--- Data excerpt ---

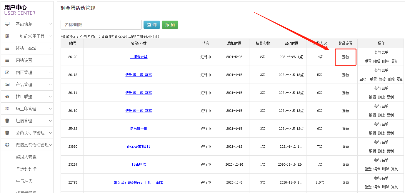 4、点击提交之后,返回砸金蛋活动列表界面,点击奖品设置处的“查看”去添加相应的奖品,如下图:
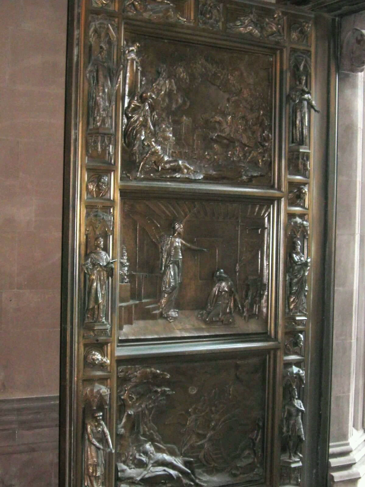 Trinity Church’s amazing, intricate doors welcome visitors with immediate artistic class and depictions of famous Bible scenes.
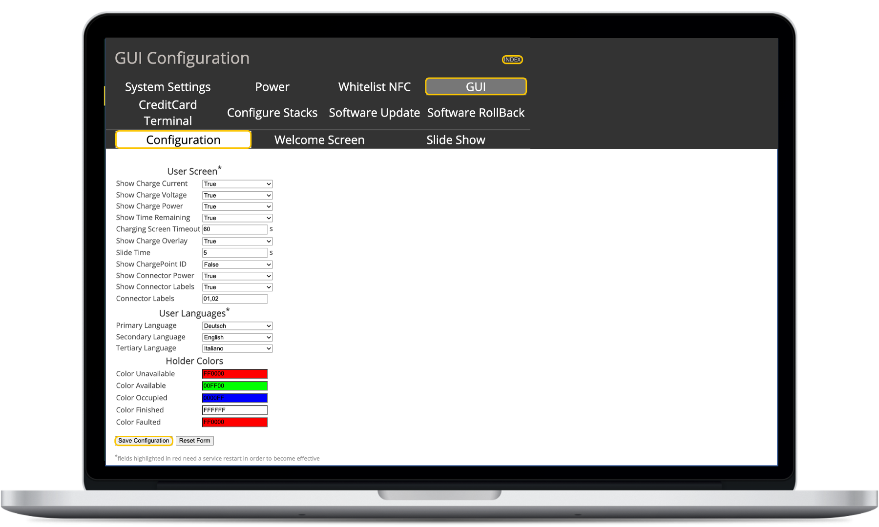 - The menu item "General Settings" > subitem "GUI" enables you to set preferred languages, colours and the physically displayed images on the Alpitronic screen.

---

▸ Your goal: Pictures are to be omitted. The lines from the line holding "Trinity Church’s amazing, intricate" through the closing line of the data above are to be set down exactly, and nothing more.

▸ Reply to the task:
 Trinity Church’s amazing, intricate doors welcome visitors with immediate artistic class and depictions of famous Bible scenes.
 - The menu item "General Settings" > subitem "GUI" enables you to set preferred languages, colours and the physically displayed images on the Alpitronic screen.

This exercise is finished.